> Task directions
Drop every image, then reproduce the data exactly as given.

> Given information
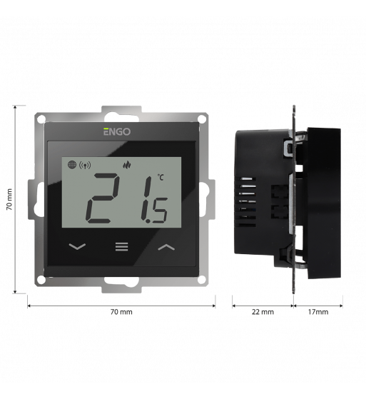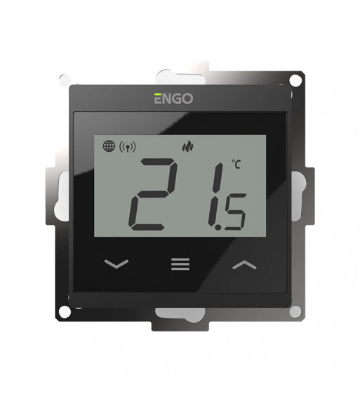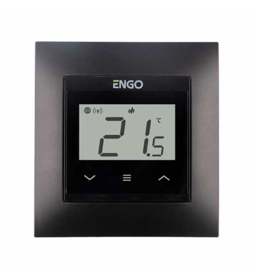 Regulator de temperatură încastrat pentru montarea într-un cadru de 55×55 mm. Conceput pentru controlul sistemelor de încălzire de suprafață plană, caracterizate printr-o inerție termică ridicată. De asemenea, poate controla orice alt tip de încălzire, precum și sistemele de răcire – în funcție de nevoile și setările utilizatorului. Modulul Wi-Fi încorporat permite instalarea și operarea ușoară a sistemului de încălzire prin intermediul aplicației mobile ENGO Smart.
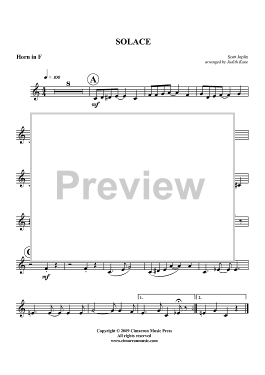 "Solace - Horn in F" Sheet Music by Scott Joplin
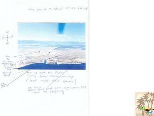 Magnificent! Breathtaking! One of a kind. 418.17 acres of untouched land all within view of the Salton Sea. The combined 5 parcels include 6 lots: Currently zoned R1-L5, the zoning does allow for Elementary School, Residential Care Facility etc. with a conditional permit, Church, Golf Course, Tennis Club, Country Club, Senior Citizen Compex. The potential is outsanding. Several hot water wells are located not too far from the parcels. Solar Energy Farm may be a possibilty with a change in the zoning. The additional parcel #: 013-010-11, 013-010-17, 013-010-13, 013-010-18, 013-010-09 What can you imagine???
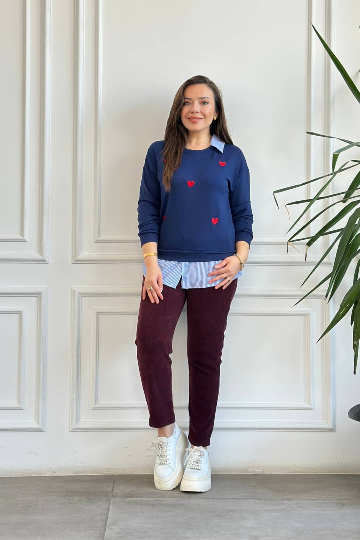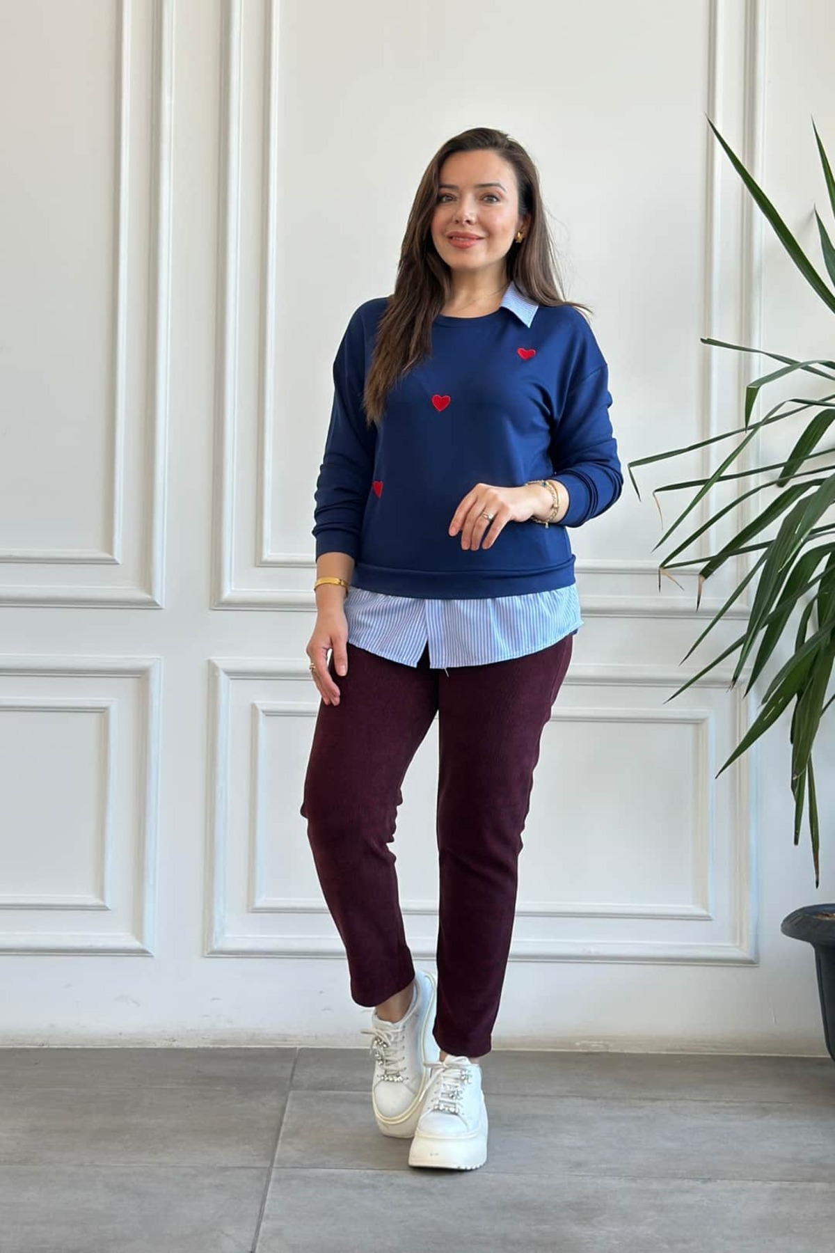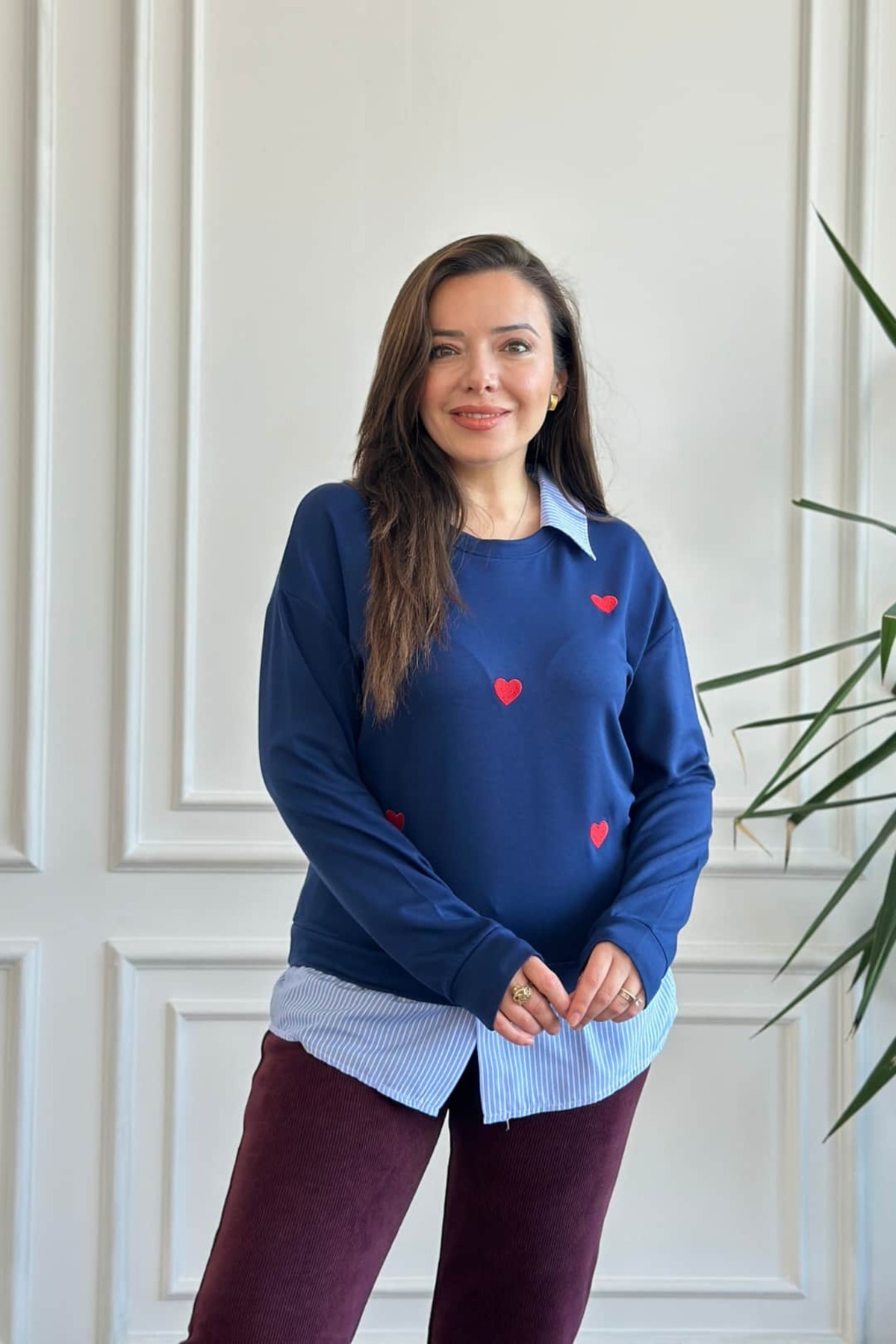 Kalp Nakışlı Polo Yaka Gömlek Detaylı Sweat Kalp Nakışlı Polo Yaka Gömlek Detaylı Sweat kalp-nakisli-polo-yaka-gomlek-detayli-sw XL
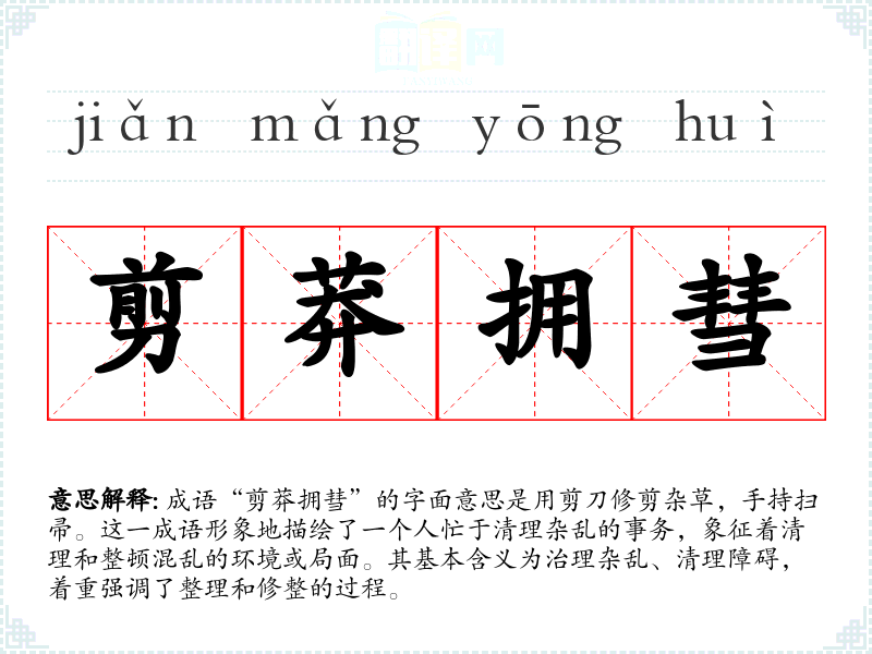 成语“剪莽拥彗”的字面意思是用剪刀修剪杂草,手持扫帚。这一成语形象地描绘了一个人忙于清理杂乱的事务,象征着清理和整顿混乱的环境或局面。其基本含义为治理杂乱、清理障碍,着重强调了整理和修整的过程。

> Exercise solution
 Regulator de temperatură încastrat pentru montarea într-un cadru de 55×55 mm. Conceput pentru controlul sistemelor de încălzire de suprafață plană, caracterizate printr-o inerție termică ridicată. De asemenea, poate controla orice alt tip de încălzire, precum și sistemele de răcire – în funcție de nevoile și setările utilizatorului. Modulul Wi-Fi încorporat permite instalarea și operarea ușoară a sistemului de încălzire prin intermediul aplicației mobile ENGO Smart.
 "Solace - Horn in F" Sheet Music by Scott Joplin
 Magnificent! Breathtaking! One of a kind. 418.17 acres of untouched land all within view of the Salton Sea. The combined 5 parcels include 6 lots: Currently zoned R1-L5, the zoning does allow for Elementary School, Residential Care Facility etc. with a conditional permit, Church, Golf Course, Tennis Club, Country Club, Senior Citizen Compex. The potential is outsanding. Several hot water wells are located not too far from the parcels. Solar Energy Farm may be a possibilty with a change in the zoning. The additional parcel #: 013-010-11, 013-010-17, 013-010-13, 013-010-18, 013-010-09 What can you imagine???
 Kalp Nakışlı Polo Yaka Gömlek Detaylı Sweat Kalp Nakışlı Polo Yaka Gömlek Detaylı Sweat kalp-nakisli-polo-yaka-gomlek-detayli-sw XL
 成语“剪莽拥彗”的字面意思是用剪刀修剪杂草,手持扫帚。这一成语形象地描绘了一个人忙于清理杂乱的事务,象征着清理和整顿混乱的环境或局面。其基本含义为治理杂乱、清理障碍,着重强调了整理和修整的过程。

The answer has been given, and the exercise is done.